• **Extracted data**

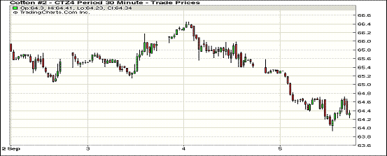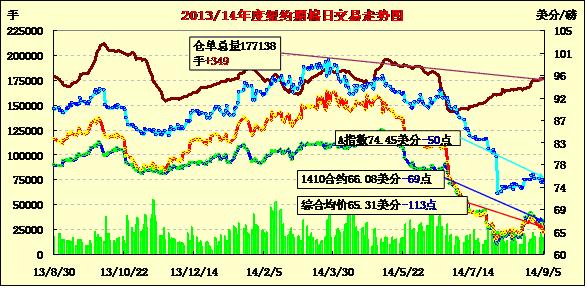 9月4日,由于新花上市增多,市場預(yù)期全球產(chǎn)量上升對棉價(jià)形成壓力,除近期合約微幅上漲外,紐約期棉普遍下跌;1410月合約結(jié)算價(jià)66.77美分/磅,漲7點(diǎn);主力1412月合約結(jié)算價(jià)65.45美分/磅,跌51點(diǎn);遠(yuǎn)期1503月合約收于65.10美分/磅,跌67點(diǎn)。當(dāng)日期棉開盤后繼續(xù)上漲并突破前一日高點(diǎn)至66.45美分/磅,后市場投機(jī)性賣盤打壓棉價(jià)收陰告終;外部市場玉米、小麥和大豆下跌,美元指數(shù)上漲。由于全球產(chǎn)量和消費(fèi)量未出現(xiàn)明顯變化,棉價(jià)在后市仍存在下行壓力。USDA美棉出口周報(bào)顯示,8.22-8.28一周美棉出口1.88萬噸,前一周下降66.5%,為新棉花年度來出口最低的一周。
--
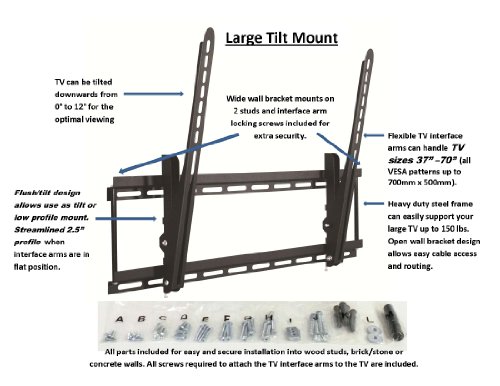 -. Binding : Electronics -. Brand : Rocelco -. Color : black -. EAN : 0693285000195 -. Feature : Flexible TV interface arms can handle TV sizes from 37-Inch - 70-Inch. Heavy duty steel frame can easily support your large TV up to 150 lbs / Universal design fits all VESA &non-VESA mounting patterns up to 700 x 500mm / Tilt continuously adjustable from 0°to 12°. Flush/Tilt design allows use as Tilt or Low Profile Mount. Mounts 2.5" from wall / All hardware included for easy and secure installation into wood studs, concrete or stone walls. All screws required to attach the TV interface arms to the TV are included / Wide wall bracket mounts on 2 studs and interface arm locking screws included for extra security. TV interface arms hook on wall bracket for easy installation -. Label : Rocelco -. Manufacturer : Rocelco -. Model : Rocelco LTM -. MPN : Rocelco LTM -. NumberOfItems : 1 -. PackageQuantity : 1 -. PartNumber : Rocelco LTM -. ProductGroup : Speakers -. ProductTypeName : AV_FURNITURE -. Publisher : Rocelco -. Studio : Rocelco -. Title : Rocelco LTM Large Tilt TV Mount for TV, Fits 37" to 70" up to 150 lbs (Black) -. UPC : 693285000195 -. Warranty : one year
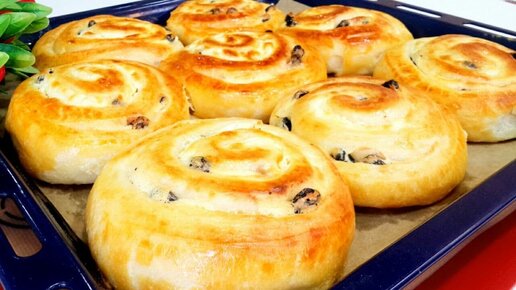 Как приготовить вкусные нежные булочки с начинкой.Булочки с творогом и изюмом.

• **What the task asks**
Set the pictures aside and reproduce exactly the lines above, from the line holding "-. Binding : Electronics" through the line holding "Как приготовить вкусные", both included, with nothing else.

• **Written solution**
 -. Binding : Electronics -. Brand : Rocelco -. Color : black -. EAN : 0693285000195 -. Feature : Flexible TV interface arms can handle TV sizes from 37-Inch - 70-Inch. Heavy duty steel frame can easily support your large TV up to 150 lbs / Universal design fits all VESA &non-VESA mounting patterns up to 700 x 500mm / Tilt continuously adjustable from 0°to 12°. Flush/Tilt design allows use as Tilt or Low Profile Mount. Mounts 2.5" from wall / All hardware included for easy and secure installation into wood studs, concrete or stone walls. All screws required to attach the TV interface arms to the TV are included / Wide wall bracket mounts on 2 studs and interface arm locking screws included for extra security. TV interface arms hook on wall bracket for easy installation -. Label : Rocelco -. Manufacturer : Rocelco -. Model : Rocelco LTM -. MPN : Rocelco LTM -. NumberOfItems : 1 -. PackageQuantity : 1 -. PartNumber : Rocelco LTM -. ProductGroup : Speakers -. ProductTypeName : AV_FURNITURE -. Publisher : Rocelco -. Studio : Rocelco -. Title : Rocelco LTM Large Tilt TV Mount for TV, Fits 37" to 70" up to 150 lbs (Black) -. UPC : 693285000195 -. Warranty : one year
 Как приготовить вкусные нежные булочки с начинкой.Булочки с творогом и изюмом.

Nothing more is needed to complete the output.